China’s team is arguing for a different operating model. A Huairou Science City statement notes that all superconducting magnets have operating costs “significantly lower” than traditional resistive magnets because of their zero-resistance characteristics, even though they still require cryogenic systems and careful engineering.
What this could mean for climate tech
So why should environmental readers care about a 35 mm. hole inside a lab magnet? Because high magnetic fields are one of the tools scientists use to understand and improve materials that sit at the heart of the energy transition.
A 2025 open access review in La Rivista del Nuovo Cimento argues that modern high-temperature superconductors are becoming more mature for power applications across energy and transport, with sustainability benefits tied to better efficiency and reduced power consumption.
If that progress continues, the payoff is not just faster science, it is the possibility of lower losses in power equipment and more efficient electric machines.
Fusion also hangs over this story. Some researchers and companies are betting that stronger high-temperature superconducting magnets can make future reactors smaller, but the engineering reality is still tough and timelines remain debated.
Business and defense are part of the same story
China is not treating the magnet as a trophy that sits behind glass. Wang Qiuliang of the Institute of Electrical Engineering, quoted in a Huairou Science City statement, said the teams are aiming toward 40-tesla and “even higher” fields while trying to expand the bore and reduce operating costs.
That ambition has business implications. High-temperature superconducting systems depend on specialized conductors such as REBCO tapes, and scaling them means solving manufacturing yield and supply chain constraints that can run through rare earth materials.

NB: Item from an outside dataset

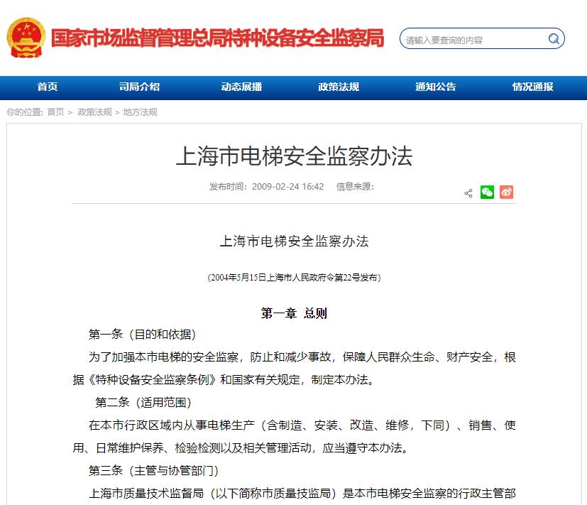 上海市質(zhì)量技術(shù)監(jiān)督局(以下簡(jiǎn)稱(chēng)市質(zhì)量技監(jiān)局)是本市電梯安全監(jiān)察的行政主管部門(mén)。區(qū)(縣)質(zhì)量技術(shù)監(jiān)督局(以下簡(jiǎn)稱(chēng)區(qū)(縣)質(zhì)量技監(jiān)局)負(fù)責(zé)本行政區(qū)域內(nèi)電梯的安全監(jiān)察工作。

It also has a defense dimension that is hard to ignore, and Chinese sources discussing the 35.6-T system explicitly list national defense among the sectors that benefit from high-field superconducting magnets.
Tokamak Energy said in a 2025 press release that it was contracted by General Atomics to provide high-temperature superconducting magnet technology for a DARPA program on undersea magnetohydrodynamic pumps, arguing that HTS magnets can enable a “more powerful, silent and efficient” drive.
The study was published on ScienceDirect.